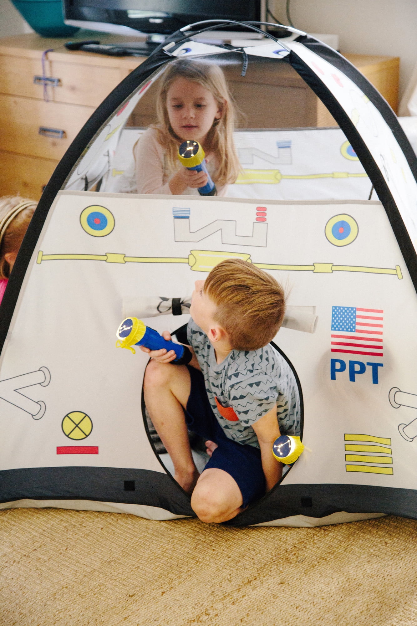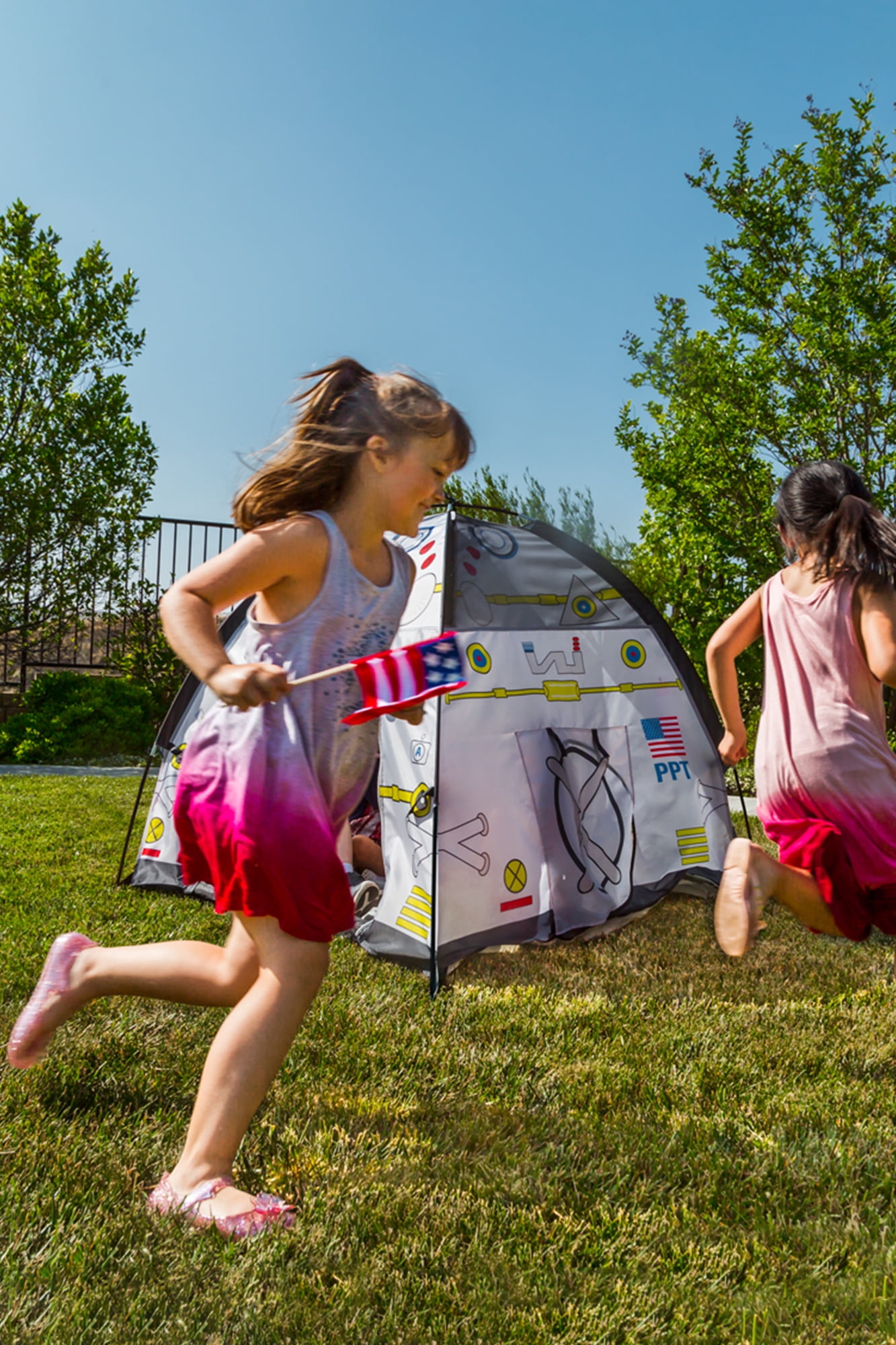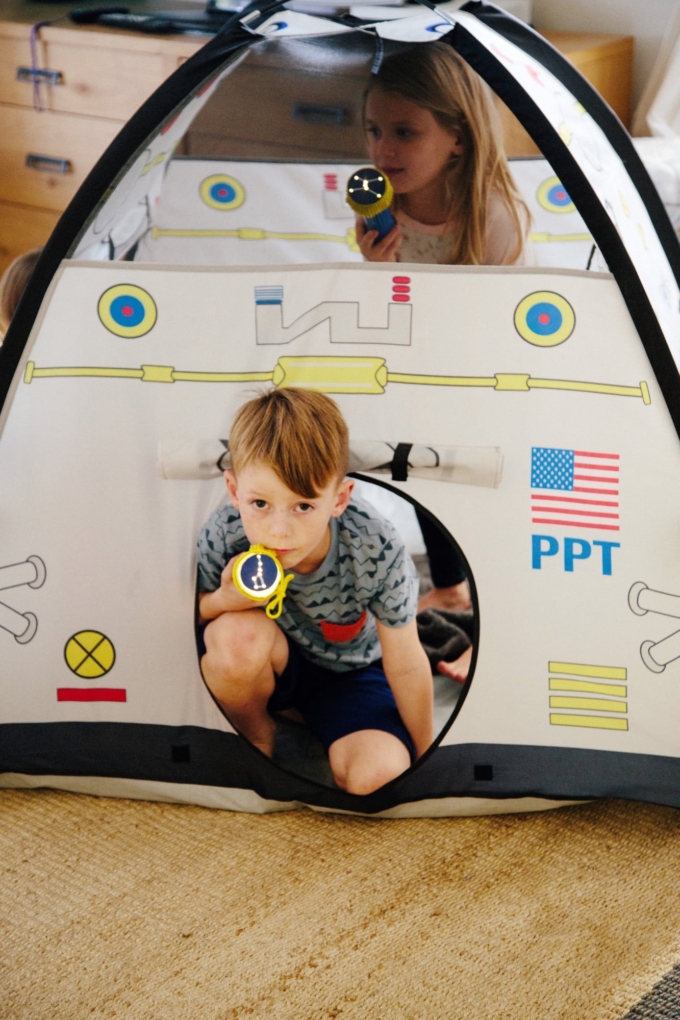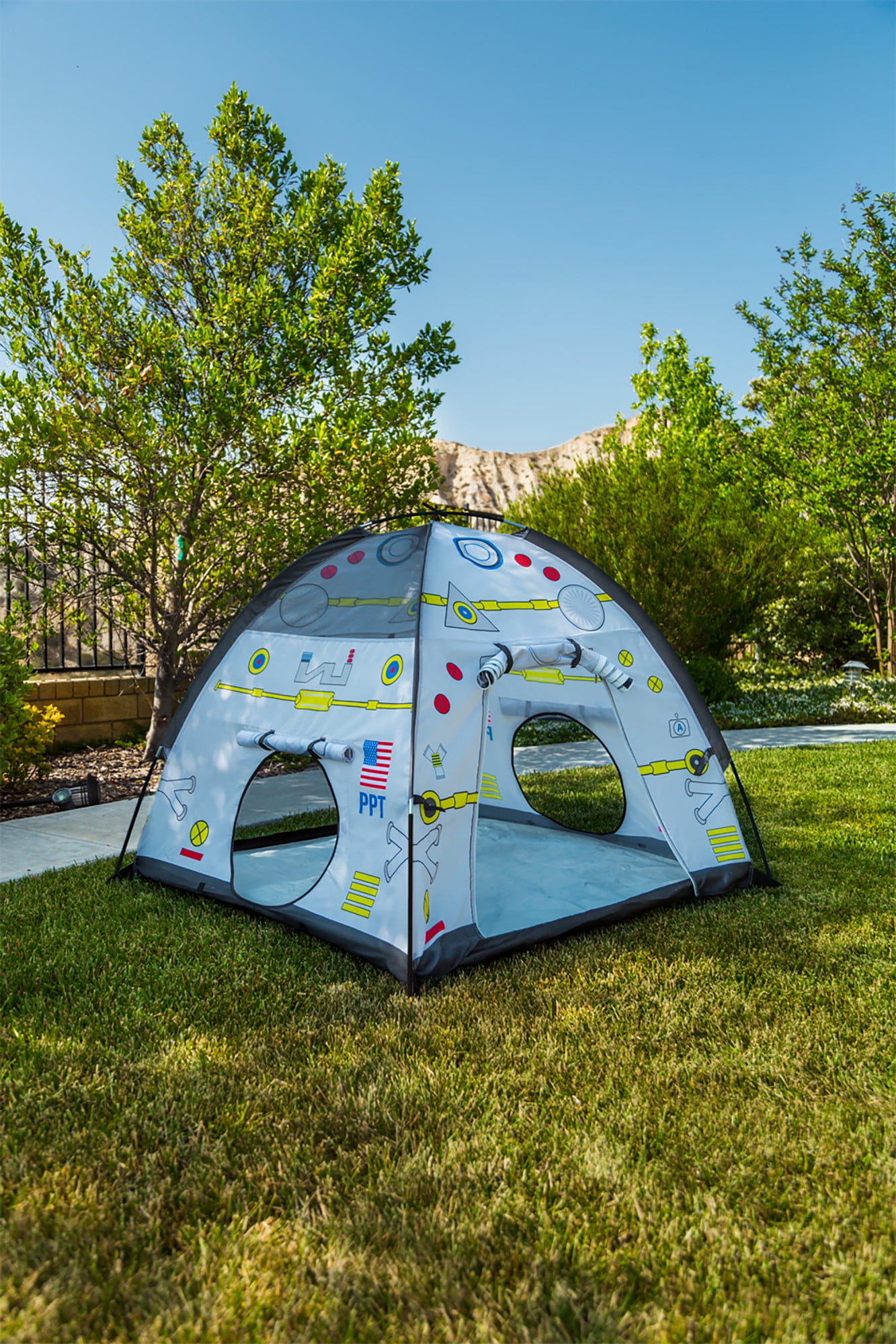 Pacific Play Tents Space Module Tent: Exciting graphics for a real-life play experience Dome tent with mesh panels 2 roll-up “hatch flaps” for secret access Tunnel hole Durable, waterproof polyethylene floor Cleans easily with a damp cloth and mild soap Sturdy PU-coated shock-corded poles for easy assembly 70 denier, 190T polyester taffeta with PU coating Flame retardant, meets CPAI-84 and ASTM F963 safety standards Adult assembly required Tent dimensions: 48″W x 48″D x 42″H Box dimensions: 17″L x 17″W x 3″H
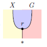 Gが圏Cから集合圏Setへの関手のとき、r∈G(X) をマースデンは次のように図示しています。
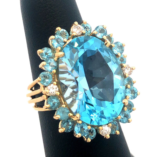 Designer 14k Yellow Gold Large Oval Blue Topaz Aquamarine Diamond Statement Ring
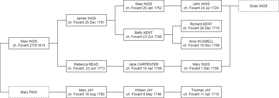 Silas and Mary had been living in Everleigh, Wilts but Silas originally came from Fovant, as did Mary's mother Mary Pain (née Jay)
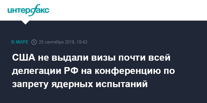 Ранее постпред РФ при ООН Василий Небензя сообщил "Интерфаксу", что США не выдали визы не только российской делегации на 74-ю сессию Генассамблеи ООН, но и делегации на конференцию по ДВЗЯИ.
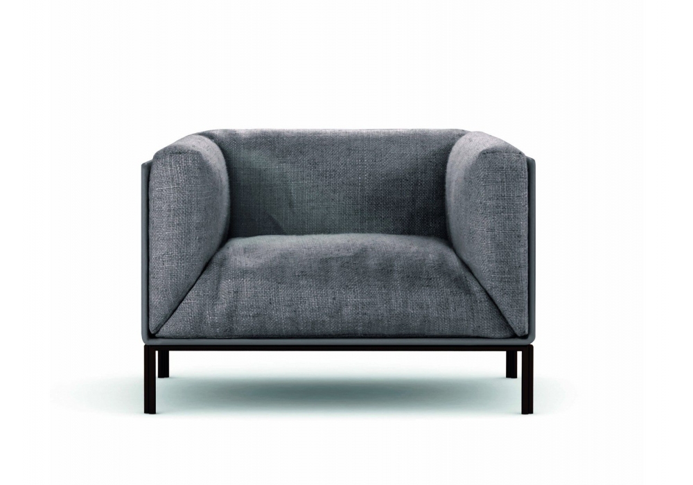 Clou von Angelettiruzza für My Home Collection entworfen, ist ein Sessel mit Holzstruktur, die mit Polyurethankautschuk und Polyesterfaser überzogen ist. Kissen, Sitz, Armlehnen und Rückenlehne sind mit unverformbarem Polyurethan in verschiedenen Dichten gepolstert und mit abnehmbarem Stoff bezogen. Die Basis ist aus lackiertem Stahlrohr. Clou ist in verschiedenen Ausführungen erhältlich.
══════
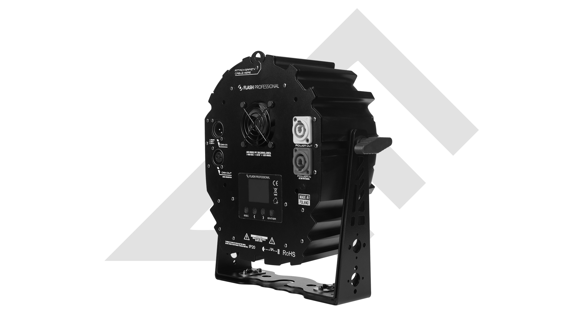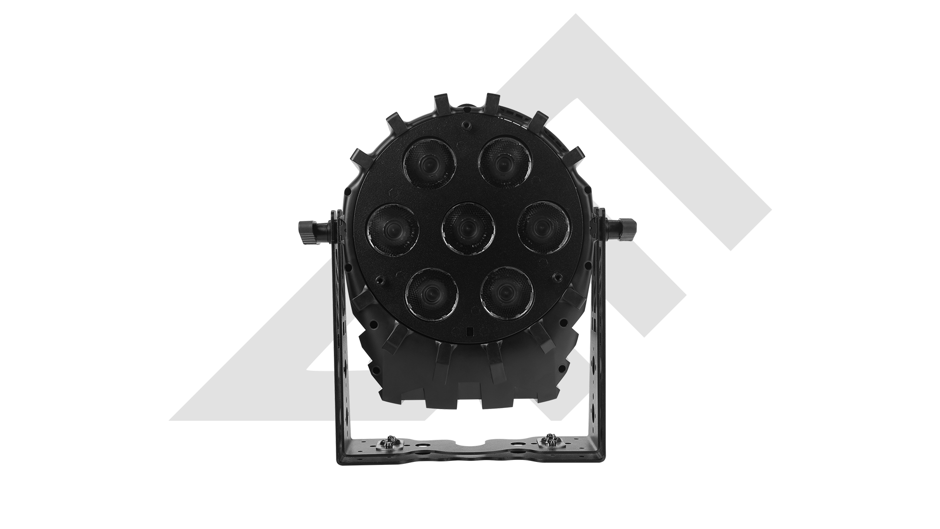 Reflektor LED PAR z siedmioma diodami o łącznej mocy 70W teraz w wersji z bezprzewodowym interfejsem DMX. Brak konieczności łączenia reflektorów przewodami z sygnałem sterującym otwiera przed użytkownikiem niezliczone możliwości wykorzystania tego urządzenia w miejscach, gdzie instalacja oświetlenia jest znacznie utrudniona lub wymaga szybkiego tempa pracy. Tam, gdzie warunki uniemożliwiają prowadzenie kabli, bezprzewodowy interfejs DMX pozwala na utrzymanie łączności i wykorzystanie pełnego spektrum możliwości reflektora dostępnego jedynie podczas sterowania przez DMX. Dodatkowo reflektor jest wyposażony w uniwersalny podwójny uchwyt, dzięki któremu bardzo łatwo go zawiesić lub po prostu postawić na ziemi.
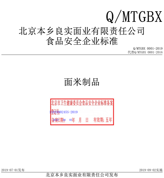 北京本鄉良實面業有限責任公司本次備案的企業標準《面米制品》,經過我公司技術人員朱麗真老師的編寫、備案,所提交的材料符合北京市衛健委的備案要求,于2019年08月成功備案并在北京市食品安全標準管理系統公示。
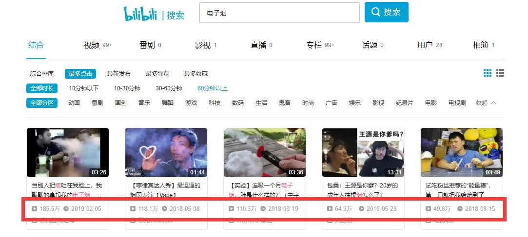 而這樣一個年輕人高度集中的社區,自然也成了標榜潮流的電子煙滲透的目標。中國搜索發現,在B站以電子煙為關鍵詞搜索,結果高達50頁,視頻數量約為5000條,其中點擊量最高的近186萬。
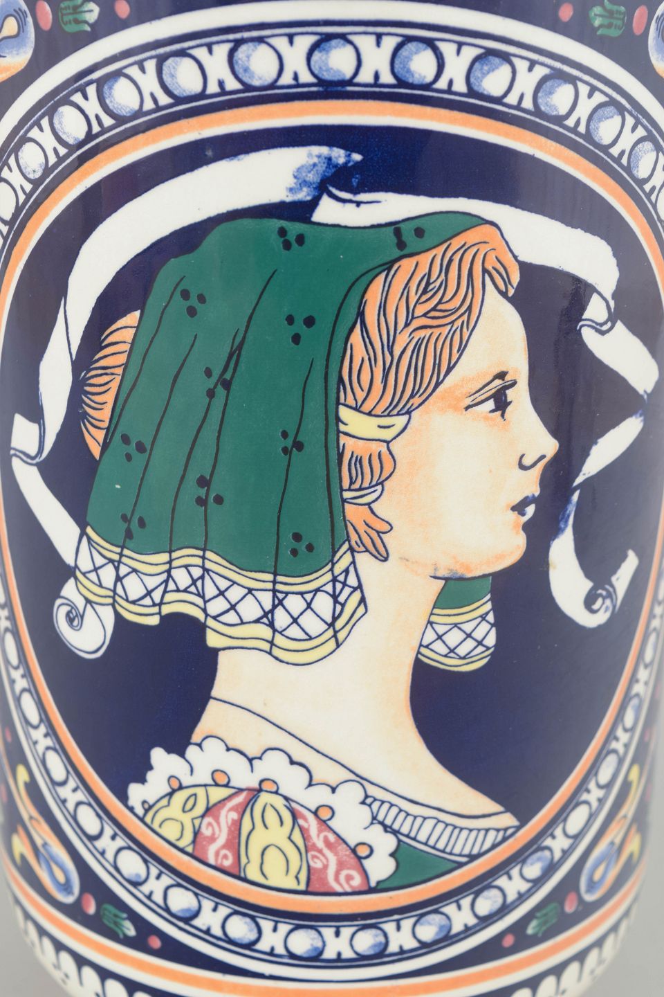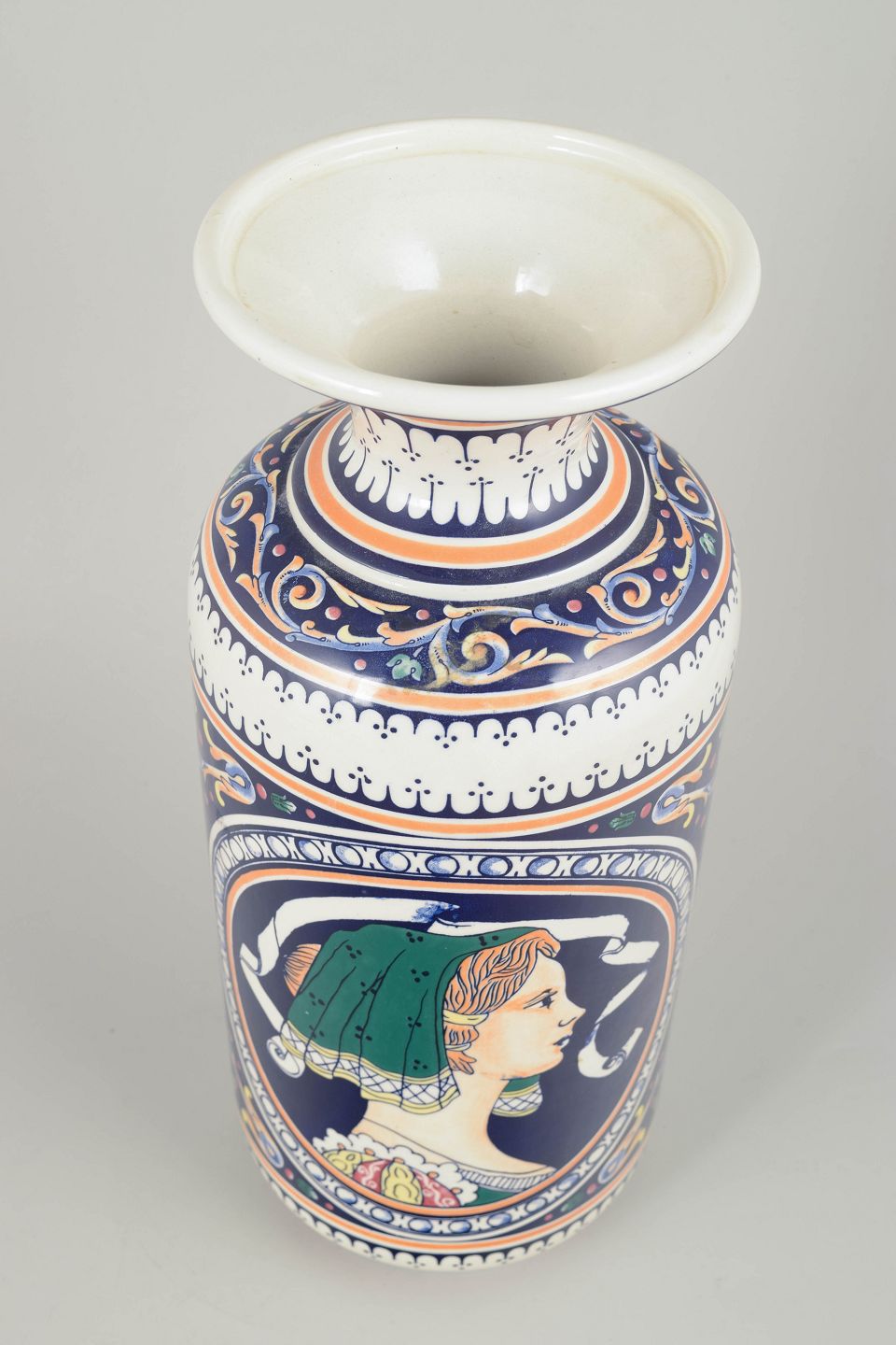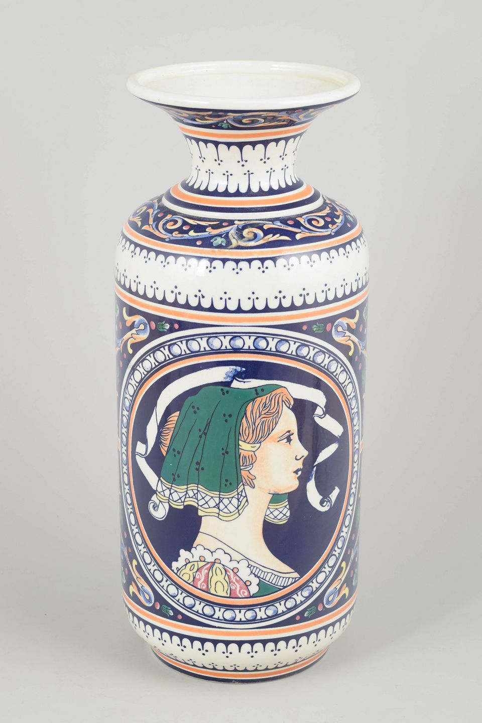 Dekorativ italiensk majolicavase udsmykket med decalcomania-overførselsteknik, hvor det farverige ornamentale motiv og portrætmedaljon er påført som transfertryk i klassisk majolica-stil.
══════
#### WHAT TO WORK ON:
Beginning with the line above that has "Pacific Play Tents" and going on through the line that has "Gが圏Cから集合圏Setへの", retype every line exactly and add nothing else; drop the pictures.

#### WORKED SOLUTION:
 Pacific Play Tents Space Module Tent: Exciting graphics for a real-life play experience Dome tent with mesh panels 2 roll-up “hatch flaps” for secret access Tunnel hole Durable, waterproof polyethylene floor Cleans easily with a damp cloth and mild soap Sturdy PU-coated shock-corded poles for easy assembly 70 denier, 190T polyester taffeta with PU coating Flame retardant, meets CPAI-84 and ASTM F963 safety standards Adult assembly required Tent dimensions: 48″W x 48″D x 42″H Box dimensions: 17″L x 17″W x 3″H
 Gが圏Cから集合圏Setへの関手のとき、r∈G(X) をマースデンは次のように図示しています。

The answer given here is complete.